MDU, mobile device use; PMPU, problematic mobile phone use; PSD, parental screen distraction.

Results

Study characteristics

This review includes 61 reports, comprising 64 studies. Articles were published between 2008 and 2021, with only two^30,31 published before 2015. Most studies were conducted in the United States (k = 32) and China (k = 17), and sample sizes ranged from seven mother–infant dyads³² to 4,213 high-school students.³³ Quantitative studies (k = 49) were most commonly conducted. Out of 43 studies that specified parental role/gender, only 1 included slightly more fathers (56 percent) than mothers.³⁴ Five studies included parents and nonparental caregivers, such as grandparents⁶ and nannies.³⁵ Parental technology use while caring for or interacting with children was most frequently defined as technoference (k = 19), followed by phubbing, a portmanteau of “phone” and “snubbing” (k = 17). For consistency, we utilize parental technoference throughout this review. Parent–child relationships comprised the most studied outcome, followed by child health, technology use, and development (Fig. 2).

FIG. 2.

Outcomes measured by age.

Most studies evaluated parental technoference with smartphones, cell phones, or mobile phones; 19 studies evaluated more than 1 device, yet the devices (e.g., smartphone vs. tablet) were not differentiated in analyses.
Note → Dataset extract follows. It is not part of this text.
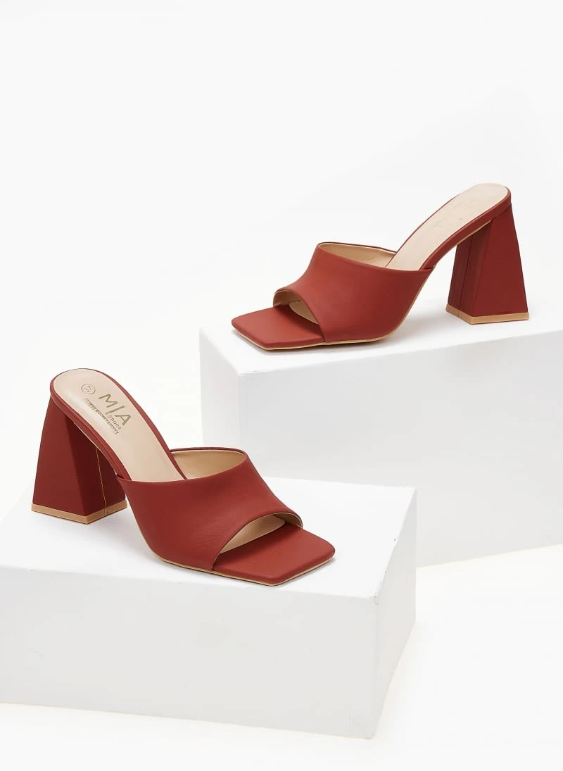 The Fashion Project Mules με ιδιαίτερο τακούνι – Caramel
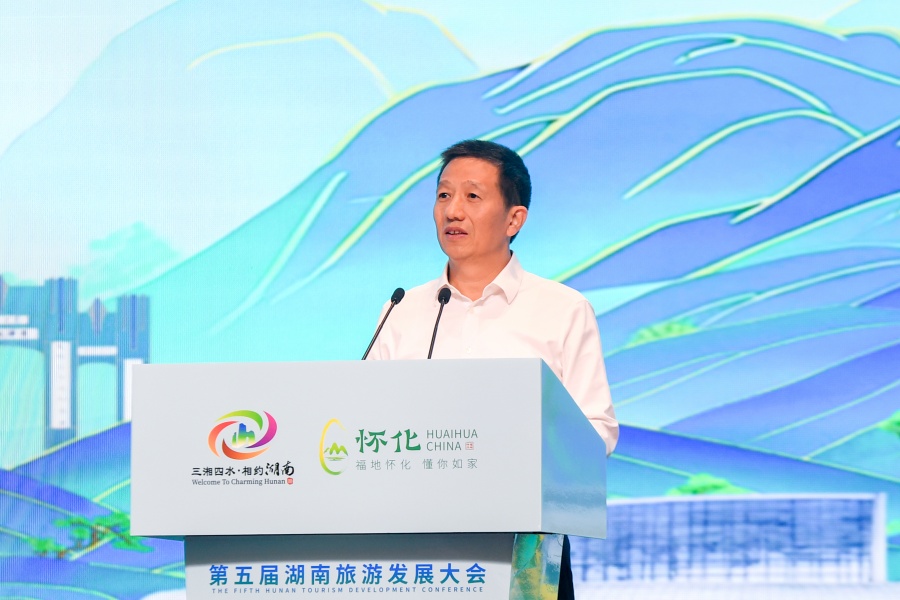 ▲9月17日上午,第五屆湖南旅遊發展大會開幕,市委書記許忠建作懷化文化旅遊推介。(懷化日報全媒體記者 楊智偉 攝)

See Figure 3 for technological devices in these articles.

FIG. 3.

Technological devices reported in articles.

Methodological quality

Quality appraisals are presented in Table 4. Of 11 qualitative studies and 5 qualitative components in mixed-methods studies, 6 fulfilled all MMAT criteria; 6 studies did not indicate the methodology used and 3 utilized a methodology (i.e., Grounded Theory) that did not align with its aims (e.g., theory not established). No randomized controlled trials met 100 percent of the criteria. Seven of 45 nonrandomized studies met all the criteria; 33 of these studies accounted for confounders (e.g., mediation). One-fifth of the mixed-methods studies met all the criteria. A.J.T. and S.M. appraised half and J.K. independently assessed each study. J.K. attained 95 percent inter-rater reliability with A.J.T. and 89 percent with S.M. Disagreements were discussed between J.K., A.J.T. and S.M. to reach a consensus.

Table 4.

Critical Appraisal with Mixed-Methods Appraisal Tool

Parental technoference measurements

Researchers observed parental technoference in playgrounds^27Study1^,35–40 and restaurants,^27Study1^,31,37,41 during medical^40,42 and laboratory visits,^43–45 and at home.^44,46 In public settings (e.g., playground, waiting room), 42 percent⁴⁰ to 84 percent⁴² of parents used their phones with their child present. Two studies reported low phone use duration at playgrounds, with almost 30 percent of parents using their phone for <10 seconds³⁵ and 58 percent for <5 minutes.³⁹ In contrast, 31 percent utilized their phone for ≥50 percent of the time in a waiting room⁴² and for 40–100 percent of the time in restaurants and playgrounds.³⁷ Parental technology use occurred less frequently (23–34 percent)^44,45 and for minimal duration⁴⁶ during recorded home and laboratory meals.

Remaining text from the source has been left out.